The site also sells that Touch HD clone too, and alot of other clones including stuff running windows mobile. I might want to buy something on there one day, so I just came here to see if it's a good site.


----------



## stillloveyouavril (Jun 28, 2011)

Fastcardtech has a good reputation  and I realy love the phones on their website .
I have bought a M 98 from this website and it  runs fast ,though the shipping time is a little longer due to the shipping company ,I really apperciated.


----------



## stillloveyouavril (Jun 28, 2011)

*GOOD*

 I want to ask them to give me a gift


----------



## westwolive (Jun 28, 2011)

some guys told me they use the phones that bought from fastcardtech,very nice,so I bought one V8 from them,too.the phone is quite better than I expected.


----------



## liqiufeng (Jun 29, 2011)

*nice site*

i have bought a phone from fastcardtech.com 2 weeks ago, it works great.great touch screen for this phone.response fast compare other iphone clone. and the price is cheap for me.


----------



## liqiufeng (Jun 30, 2011)

*wonderful site*

fastcardtech.com is a good site , i have bought 2 phone from them before, although i receive it a little late. it was so amaizing to me, as the apperance is really nice, it works great. the battery can  standby  24hours. i can use it make a phone call for a long time.and chat on line.


----------



## candlein (Jun 30, 2011)

*PHONE*

Already seen a lot of phone store,fastcardtech.com is the good choice for shopping


----------



## liqiufeng (Jul 1, 2011)

*exciting game*

haha.......i like playing game so much.  thegaming experience is acceptable.
i lik it.


----------



## liqiufeng (Jul 1, 2011)

*exciting game*

hahaha.......i like playing game so much.gaming experience is acceptable.like it so much.


----------



## Gorash4578 (Sep 17, 2011)

Did the last poster register here just to praise that site? I can't say this boosts my confidence in Fastcardtech...

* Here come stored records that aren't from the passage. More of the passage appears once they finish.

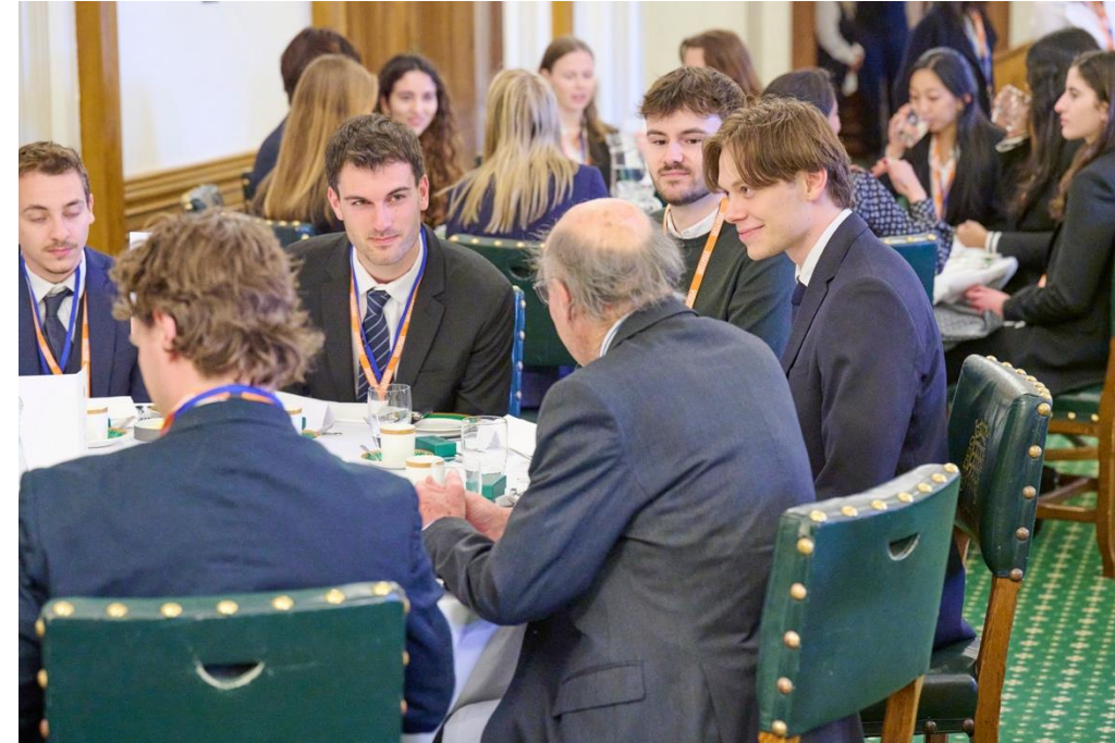
Guests mingle at the House of Commons, London, UK

Our finalists have the chance to engage directly with a curated network of influential figures from diverse sectors, including finance, academia, and government. Previous opportunities for prizewinners included internships with our partner organisations and the chance to present their reports at Buckingham Palace and the Elysée Palace.
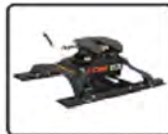
Accepts 5th wheel hitches and rollers
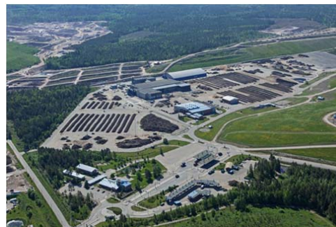
Fig. 1 Ämmässuo Waste Treatment Centre

Other Ekomo project includes the purification of sand used for sanding the roads and pavements. Purified sand can be reused, and the fine fraction separated from sand is utilized in top soil production from compost.
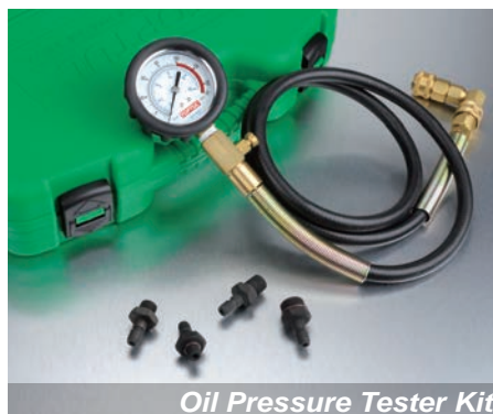
Oil Pressure Tester Kit
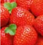
Strawberry Fragaria ananassa
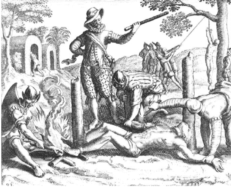
Figure 5. Spaniards' cruelties. Engraving by Theodore de Bry, illustrating Las Casas' Destruction.

Once discovered America and the millions of its inhabitants, Franciscans, then the largest monastic order of the Christendom, are among the first to react and to send missionaries. And from the arrival of the "Twelve Firsts" in New Spain in 1524, all the Franciscans who will cross the Atlantic Ocean will be, for long, Minors of Observance. Millenarians, they want to build in America Saint Augustin's Civitas Dei that should precede, according to the Father of Church, Saint John's Armageddon. Visionaries, they are ready for anything to reach their goal. They consider the Indians as Gentiles, having been concealed for centuries by God to the knowledge of mankind: Indians have the same nature than Europeans; simply they never knew God's Word, and they are always in a "natural" condition.
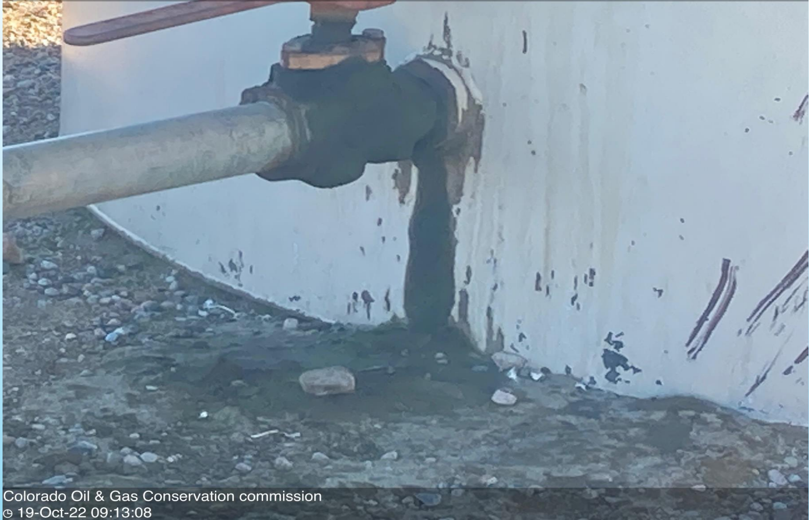
Colorado Oil & Gas Conservation commission © 19-Oct-22 09:13:08
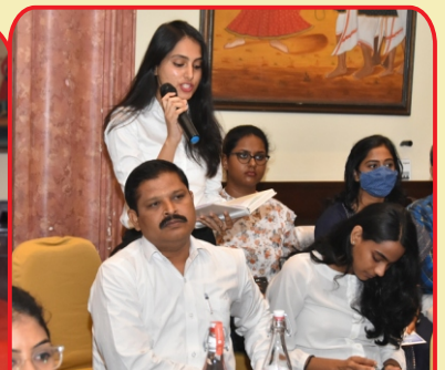
Q & A Session - 8th May 2022
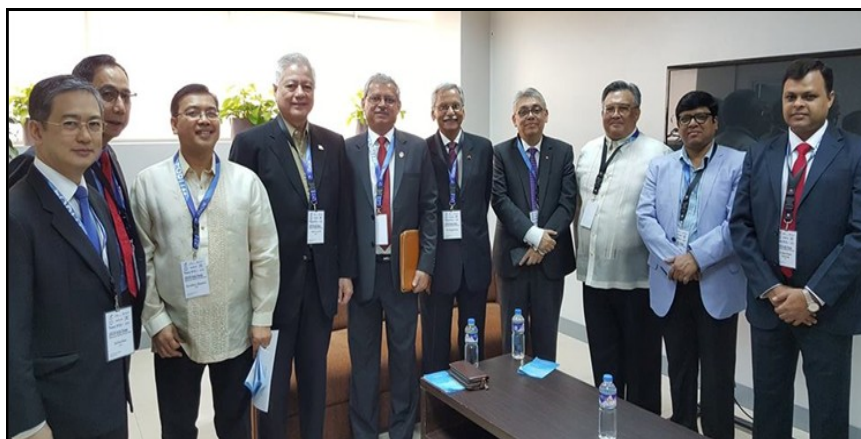
Group photo of the participants attended the ASEAN-India Forum on 21 November 2017, Manila.
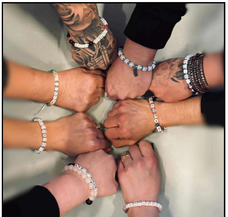
Women's Committee posing with wristbands made at the AFL Remembrance Event.

Being able to share my day with my dad. Having him be able to give me advice and share his stories. Also reconnecting with past crews to reminisce about old jobs.

Can anyone review this site without sounding like a bot or a spammer?


----------



## XXCoder (Sep 18, 2011)

Just last post? more like most of em... Most has similar garbled english and 1-6 posts.


----------



## Gorash4578 (Oct 7, 2011)

Well, I took a risk and bought a phone (Gooapple 3G) and it has arrived today. 
It took about 10 days for my order to arrive and it was nicely packed.

I can't say anything about the quality of the phone itself as of yet, but the whole business seems trustworthy enough.


----------



## 2234jones (Oct 9, 2011)

*Fastcardtech*

Well I bought a phone in May this year and after 2 months of complining as it wasn't working correctly and had the wrong firmware, I sent it back for repair as this was the only way to repair it. 

Well they have had it two months now and I still have not had the phone returned, they say it has been posted, 3 weeks ago that is, and they are are useless in their support, and when it goes wrong you have to pay for postage back to them, and after i sent it, they cahrged me for sending it back to me even thou it was a warranty fault......

I will next time pay for a brand named phone as the phone originally cost me $190-00 then with the costs of postage, still no phone and I'm now $260-00 out of pocket. 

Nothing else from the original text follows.